**Exercise goal:**
Could you print exactly the lines of the listing below, starting at the line that has "关于天赋,楼主所有的辅助天赋" and ending at the line that has "画手掌心——画出拇指和小指的下方鼓起的部分和一些纹路即可。", and only those lines?

**Given data:**
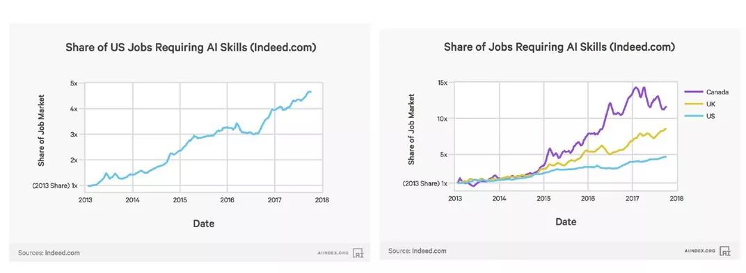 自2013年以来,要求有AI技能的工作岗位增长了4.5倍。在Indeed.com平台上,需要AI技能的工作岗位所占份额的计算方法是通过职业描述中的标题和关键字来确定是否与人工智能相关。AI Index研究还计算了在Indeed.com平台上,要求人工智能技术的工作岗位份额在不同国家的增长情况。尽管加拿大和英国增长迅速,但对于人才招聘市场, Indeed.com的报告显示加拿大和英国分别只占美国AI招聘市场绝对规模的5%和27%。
...
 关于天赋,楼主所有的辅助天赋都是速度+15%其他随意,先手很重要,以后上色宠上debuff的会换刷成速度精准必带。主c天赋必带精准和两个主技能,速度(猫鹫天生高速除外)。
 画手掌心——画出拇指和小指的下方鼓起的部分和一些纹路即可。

**Task response:**
 关于天赋,楼主所有的辅助天赋都是速度+15%其他随意,先手很重要,以后上色宠上debuff的会换刷成速度精准必带。主c天赋必带精准和两个主技能,速度(猫鹫天生高速除外)。
 画手掌心——画出拇指和小指的下方鼓起的部分和一些纹路即可。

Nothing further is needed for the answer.